**LISTED RECORDS**
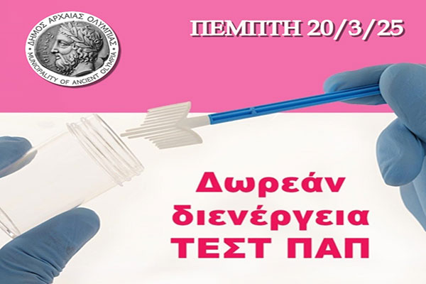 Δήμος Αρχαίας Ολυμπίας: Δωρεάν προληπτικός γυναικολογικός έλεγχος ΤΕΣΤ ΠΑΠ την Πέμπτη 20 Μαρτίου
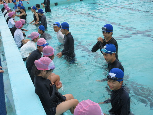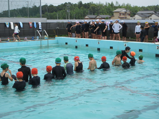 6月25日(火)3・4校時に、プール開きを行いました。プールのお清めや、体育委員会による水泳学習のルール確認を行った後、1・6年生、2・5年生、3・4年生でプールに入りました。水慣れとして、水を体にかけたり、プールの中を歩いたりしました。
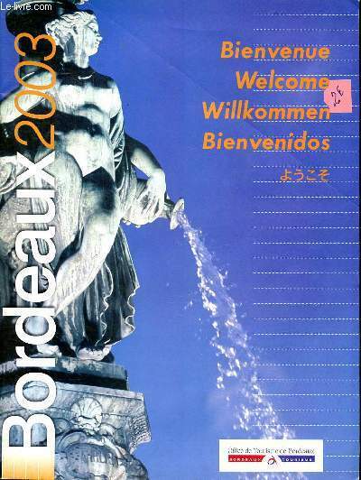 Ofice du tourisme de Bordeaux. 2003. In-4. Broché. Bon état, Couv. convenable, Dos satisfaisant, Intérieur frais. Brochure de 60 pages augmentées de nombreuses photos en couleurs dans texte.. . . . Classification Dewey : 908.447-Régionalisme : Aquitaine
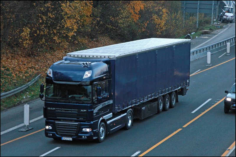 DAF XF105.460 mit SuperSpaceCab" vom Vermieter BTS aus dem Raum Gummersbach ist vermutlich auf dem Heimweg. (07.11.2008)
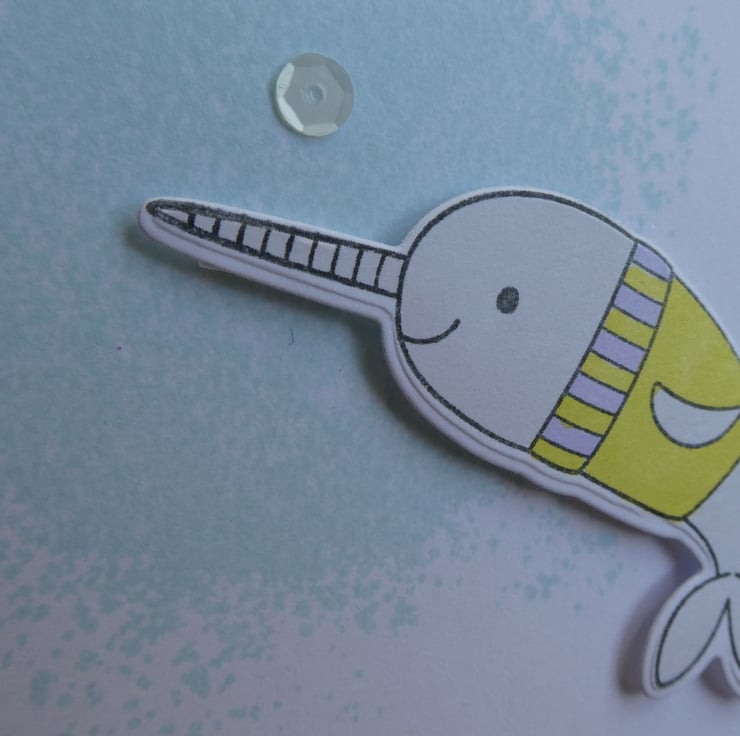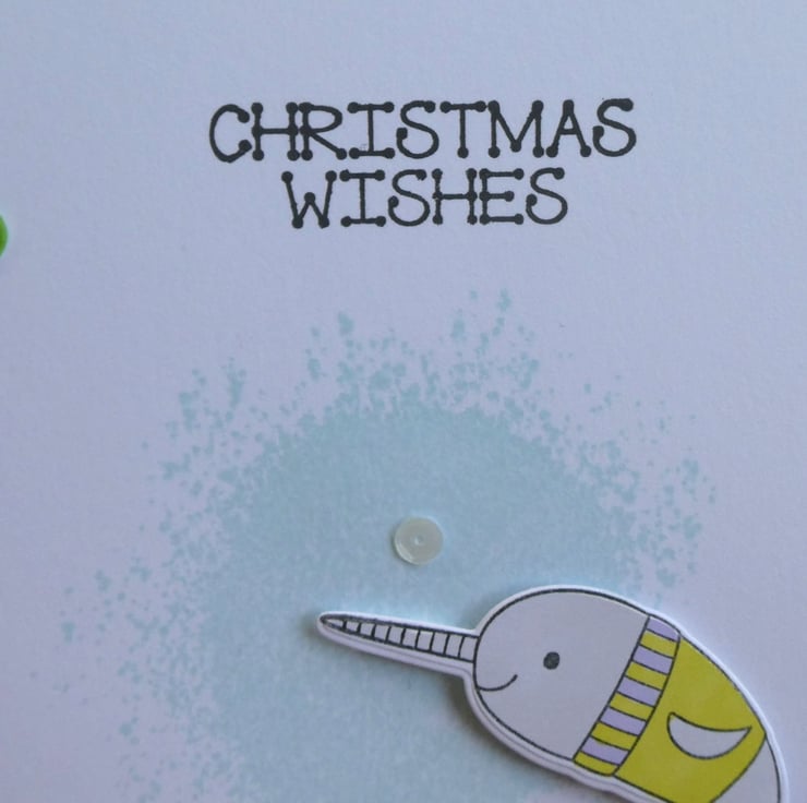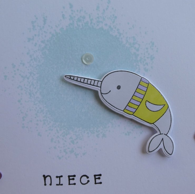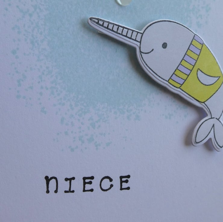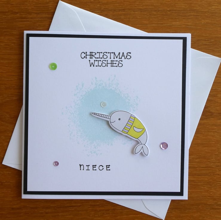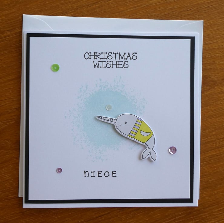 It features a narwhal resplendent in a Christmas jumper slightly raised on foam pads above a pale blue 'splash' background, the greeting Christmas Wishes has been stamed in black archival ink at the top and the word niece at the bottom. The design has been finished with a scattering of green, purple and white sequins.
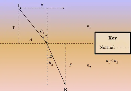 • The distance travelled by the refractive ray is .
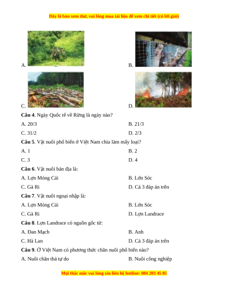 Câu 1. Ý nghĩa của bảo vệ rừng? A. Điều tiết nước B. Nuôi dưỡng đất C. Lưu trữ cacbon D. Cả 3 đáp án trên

**AIM OF THE EXERCISE**
The response is to contain exactly the lines from the beginning of the data through the line containing "Ofice du tourisme", both ends included, and nothing else; omit the pictures.

**OUTPUT BELOW**
 Δήμος Αρχαίας Ολυμπίας: Δωρεάν προληπτικός γυναικολογικός έλεγχος ΤΕΣΤ ΠΑΠ την Πέμπτη 20 Μαρτίου
 6月25日(火)3・4校時に、プール開きを行いました。プールのお清めや、体育委員会による水泳学習のルール確認を行った後、1・6年生、2・5年生、3・4年生でプールに入りました。水慣れとして、水を体にかけたり、プールの中を歩いたりしました。
 Ofice du tourisme de Bordeaux. 2003. In-4. Broché. Bon état, Couv. convenable, Dos satisfaisant, Intérieur frais. Brochure de 60 pages augmentées de nombreuses photos en couleurs dans texte.. . . . Classification Dewey : 908.447-Régionalisme : Aquitaine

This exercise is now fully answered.